Terlepas dari itu, kita mesti bangga karena wawasan
kita dibuka dan disadarkan kembali tentang identitas sejati kampung kita. Melalui
Undang-Undang Pemajuan Kebudayaan, kita diajak untuk kembali menggali potensi
desa kita; situs-situs sejarah yang ditelantarkan, ritual adat yang punya
kaitan dengan persatuan kampung dan keberlanjutan pangan lokal, tradisi lisan
dan lain-lain.
Kita diajak untuk kembali menggali potensi yang ada
di kampung kita. Artinya, cara berpikir bahwa kampung itu terbelakang, kotor
dan lain-lain telah dipatahkan dengan hadirnya Undang-Undang Pemajuan kebudayaan.

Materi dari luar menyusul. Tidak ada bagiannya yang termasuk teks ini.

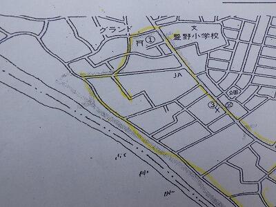 春日部の地形図では、幸松小の近くにこの記号があります。
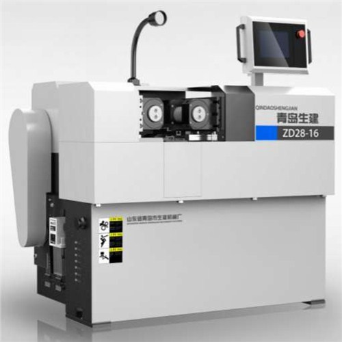 滚丝机是一种多功能冷滚压成形机床,利用材料的塑性变形对工件进行螺纹、斜纹、蜗杆滚压,也可以对工件进行直纹、校直、缩颈、滚光等。青岛生建机械滚丝机主要型号有ZA28-12.5B、ZD28-16、ZA28-20、ZA28-25、ZA28-40、ZA28-63、ZA28-125

Orang Jakarta datang ke kampung dan mengajak kita
untuk sama-sama makan ubi agar menghemat uang untuk membeli beras. Dengan hadirnya
program makan siang gratis, Presiden mengajak kita untuk membudidayakan banyak
pangan lokal sebab akan menjadi modal untuk mendukung program makan siang
gratis dan terutama karena pangan lokal adalah makanan sehat kaya gizi.
Pangan lokal ubi gembolo |
Kampung yang telah lama dilirik sebelah mata kini
justru sebagai lokus utama mendukung program nasional. Kampung justru sebagai
lumbung pangan. Nah, sebagai orang kampung, kita mesti bangga dengan identitas
kampung kita dengan mulai menjaga situs-situs budaya kita agar tidak hilang
oleh ingatan generasi.
Kita harus mulai menanam banyak pangan lokal kita
dan tidak malu mengonsumsinya dan tentu saja ada banyak lagi pesan untuk kita yang
barangkali tak habis tertulis melalui artikel ini.
Namun, perlu kita ingat, jika potensi alam dan
budaya kita kaya tetapi SDM kita, cara berpikir kita masih saling dendam,
saling curiga maka akan melahirkan benturan. Pada titik dilematis ini, apa yang
harus kita buat?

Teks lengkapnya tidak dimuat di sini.